S1Rはかなり大柄でバッテリーやメディアを含めると1kgオーバーの重量級のボディだったが、S1RIIはボディサイズも一回りほどコンパクトになり重量も約795gと大きく軽量化されている。ボディをコンパクトにするのは簡単なことではなく、さらに前機種以上のスペックがよりコンパクトなボディに詰め込まれているS1RIIは開発の方々の努力と工夫の結晶だ。

初代S1Rとは見た目が大きく変わったS1RII。より軽量に、よりコンパクトにハイスペックを持ち出しやすくなった。
軍幹部のデザインは現行機種寄りに変更。肩液晶も取り除かれ代わりにモードダイヤルが配置された。ドライブの切り替えもダイヤル式になりハイレゾもダイヤルから呼び出せる様になった。
スチルとムービーの切り替えレバーを搭載。ムービーからS&Qが不用意に切り替わらない様に少しテンションが掛かっている等細かな配慮がされている。
Recボタンは軍幹部とマウント横の2箇所に配置。
記録メディアはCFexpress Type BとSDカードを採用。連写性能が向上したので大容量のCFexpressをメインに使う人は多いだろう。
初代S1Rユーザーとして羨ましい!と思ったのはこのチルトフリーアングルモニター。バリアングル派、チルト派に終止符を打つ死角なしのモニター。

ボディのデザインが大きく変わり、操作性もS1Rとは別物になっている。
肩液晶が撤廃され、代わりにモードダイヤルが肩液晶のあった場所に配置されドライブの変更もダイヤル操作で可能になった。
S1RIIは手持ちハイレゾで約1億7700万画素相当の撮影が可能なのでドライブダイヤルから瞬時にハイレゾにアクセスできるのも嬉しい。

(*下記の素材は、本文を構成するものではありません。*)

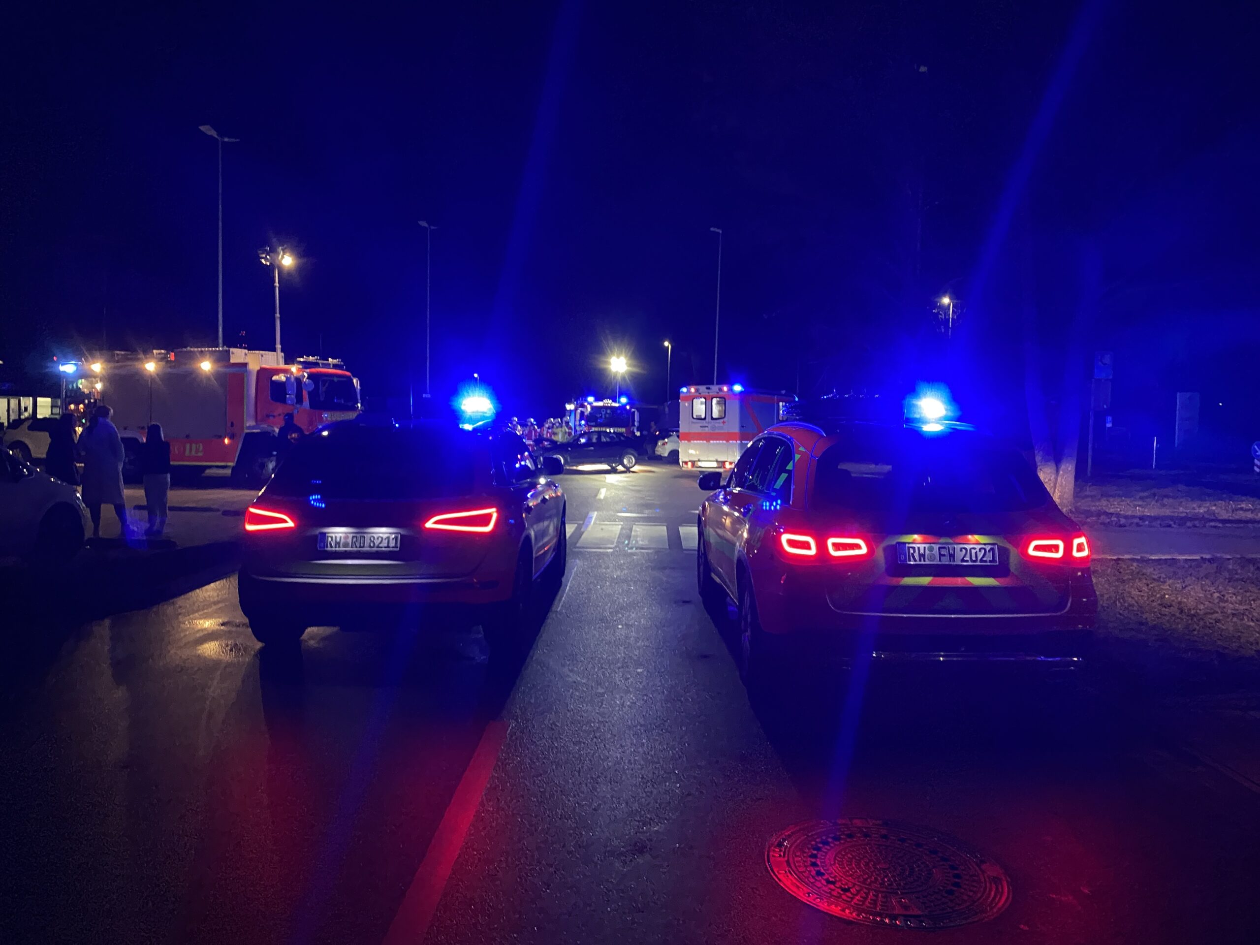 ROTTWEIL. Zu einem schweren Unfall mit mehreren Verletzten kam es in der Nacht auf Samstag auf dem Parkplatz eines Einkaufszentrums in Rottweil. Ursache: nach ersten Informationen sogenannte Driftings, wobei PS-starke Wagen beschleunigt und zum Ausbrechen gebracht werden. Eine Augenzeugin bestreitet das, die Polizei verweist auf laufende Ermittlungen. Neben ihr waren DRK und Feuerwehr im Einsatz.
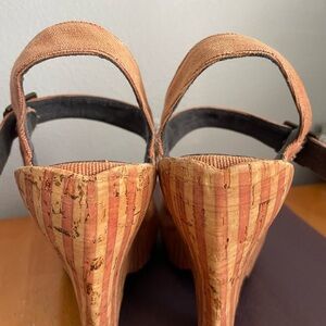 John Fluevog apricot pindowns Raquel cork wedges size 11. Great condition. Small mark on top of right shoe shown in picture.
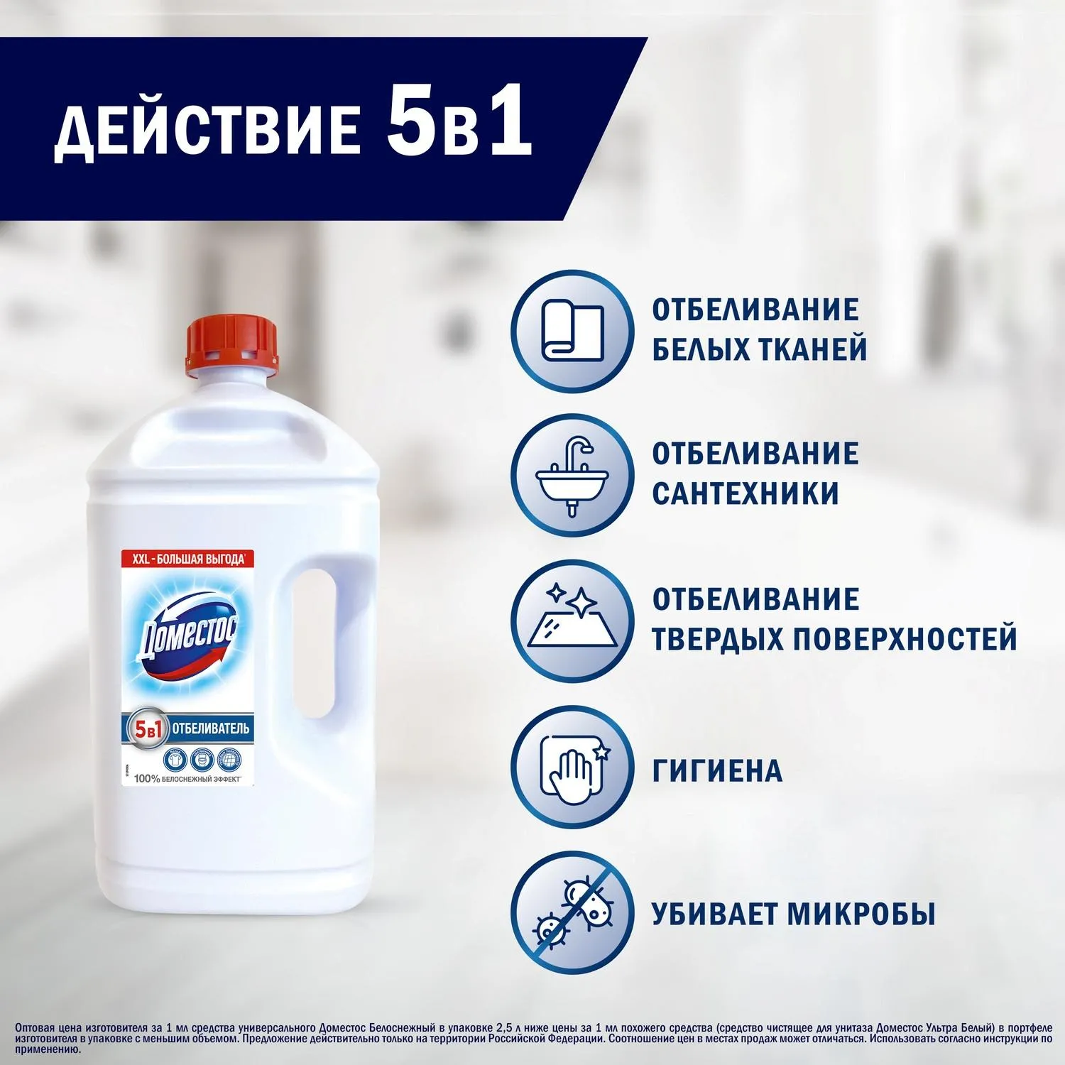 Назначение: средство Доместос Белоснежный предназначено для отбеливания.
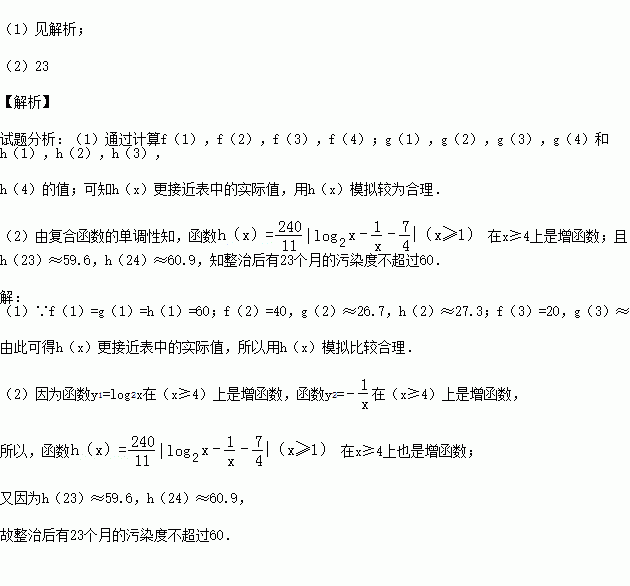 ,其中x表示月数,f(x)、g(x)、h(x)分别表示污染度.

そしてミラーレスカメラが普及し、撮影スタイルも大きく変化してファインダーだけでなく背面モニターで撮影する人も多くなった。
私も構図を意識して撮影する場合はファインダーよりも背面モニターを使って撮影する事が多く、何よりファインダーでの撮影以上にアングルの自由度が高くなるのがいちばんのメリットだ。
背面モニターの機構には大きく分けて光軸を保ったチルト式と光軸から外れるがアングルの自由度が高いバリアングル方式とあり、かなり好みが分かれるポイントだ。

S1RIIで採用されたチルトフリーアングルはそのどちらの機構も備えた方式であり、チルトとしても使えるしバリアングルとしても使える優れものだ。また、この機構のおかげでケーブルを接続した撮影でもモニターとケーブルが干渉する事がなくなった。

記録メディアもXQDからCFecpress Type Bに変更。連写性能が向上したS1RIIでは大容量&高速書き込みのCFexpressがメインになる人が多いだろう。私の使い方としてはCFexpressはバックアップを兼ねて512GB〜1TBを挿しておき、データの転送用にSDカードは128〜256GBのものを挿して同一書き込みで運用している。
この運用方法で最悪PCやSDカードに不具合が起きてもCFexpressにはバックアップが残っているということになる。

実写(手持ちハイレゾショット/高画素撮影)

普段私が好んで撮影している植物は高画素機との相性がよく、撮影後に等倍で鑑賞するとここまで写っているのか…と驚かされる。
S1RIIは4000万画素クラスの中でもかなりの高画質を実現しており、手持ちハイレゾで撮影する事で約1億7700万画素相当の結果も得られるため、より一層、風景撮影にぴったりな一台に進化した。
まずはS1RIIの目玉の機能の一つである手持ちハイレゾの作品をいくつか紹介していこう。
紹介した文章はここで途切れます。